> **Provided material**
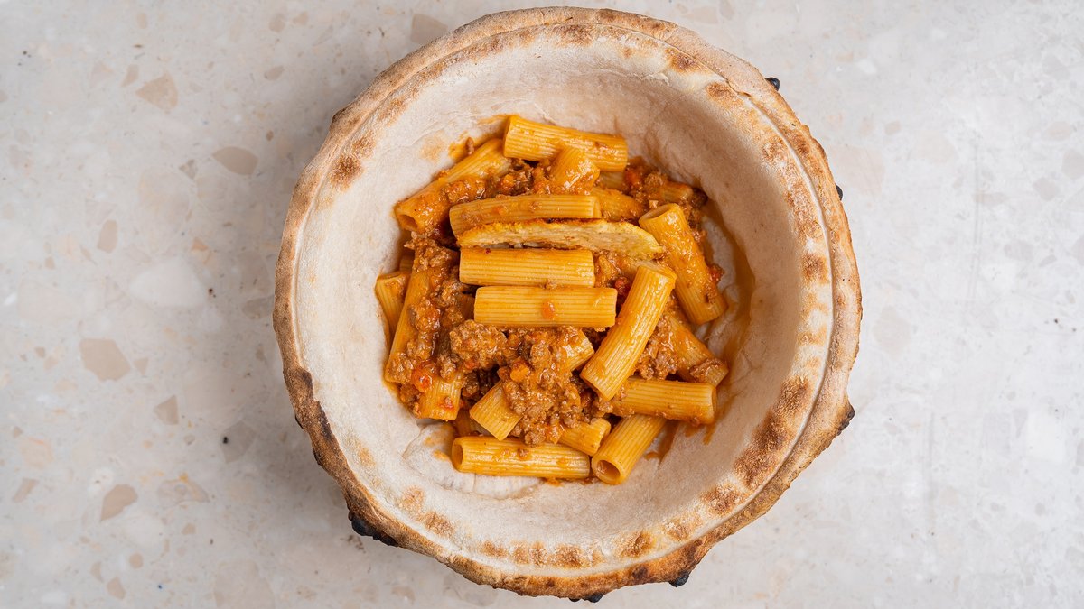 Ригатоне, фарш говяжий, лук, морковь, сердерей, чеснок, томатный соус, красное вино, сыр пармезан, неаполитанский хлеб
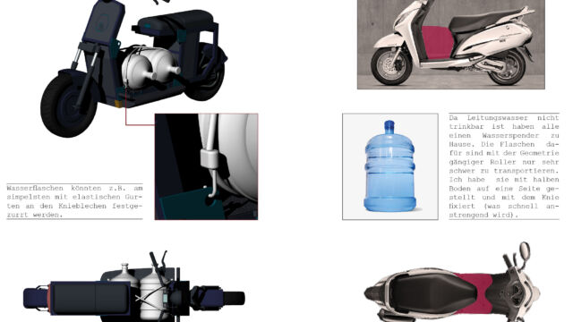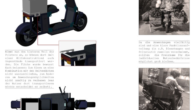 Was der Nutzer mit seinem Roller transportieren möchte entscheidet er selbst. Die dazu erforderliche Halterung kann er sich bei einem lokalen Handwerker (sehr günstig) bauen lassen.
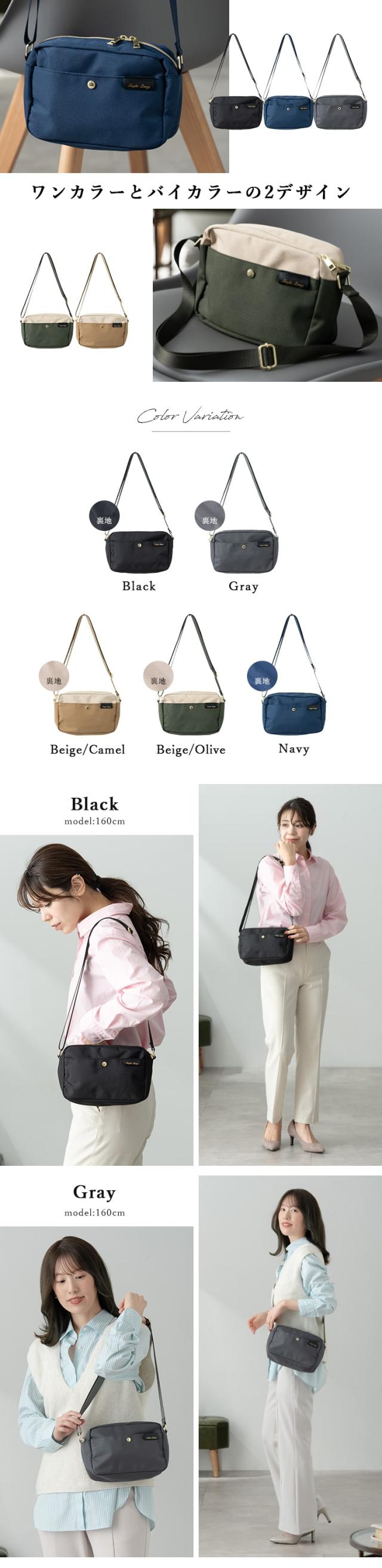ワンカラーとバイカラーの2デザインとツヤ感ショルダーでキレイめコーデにも合わせやすい。
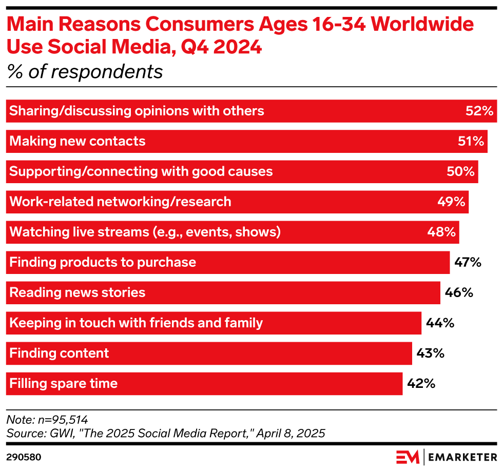 YouTube is an effective channel for reaching Gen Zers as use and creators influence expand, per our 2025 Gen Z Social Media Usage report. Over half (56%) of Gen Z social media users are spending more time on YouTube than they did a year ago, per YouGov. YouTube’s momentum with Gen Z shows its evolution from an entertainment hub to a discovery and shopping engine. Brands need to not only show up, but also design for searchability, optimize creator partnerships, and explore cross-screen viewing and messaging outreach.

> **How to complete this task**
Nothing but the pictures is to be left out; repeat the data exactly.

> **Solution**
 Ригатоне, фарш говяжий, лук, морковь, сердерей, чеснок, томатный соус, красное вино, сыр пармезан, неаполитанский хлеб
 Was der Nutzer mit seinem Roller transportieren möchte entscheidet er selbst. Die dazu erforderliche Halterung kann er sich bei einem lokalen Handwerker (sehr günstig) bauen lassen.
ワンカラーとバイカラーの2デザインとツヤ感ショルダーでキレイめコーデにも合わせやすい。
 YouTube is an effective channel for reaching Gen Zers as use and creators influence expand, per our 2025 Gen Z Social Media Usage report. Over half (56%) of Gen Z social media users are spending more time on YouTube than they did a year ago, per YouGov. YouTube’s momentum with Gen Z shows its evolution from an entertainment hub to a discovery and shopping engine. Brands need to not only show up, but also design for searchability, optimize creator partnerships, and explore cross-screen viewing and messaging outreach.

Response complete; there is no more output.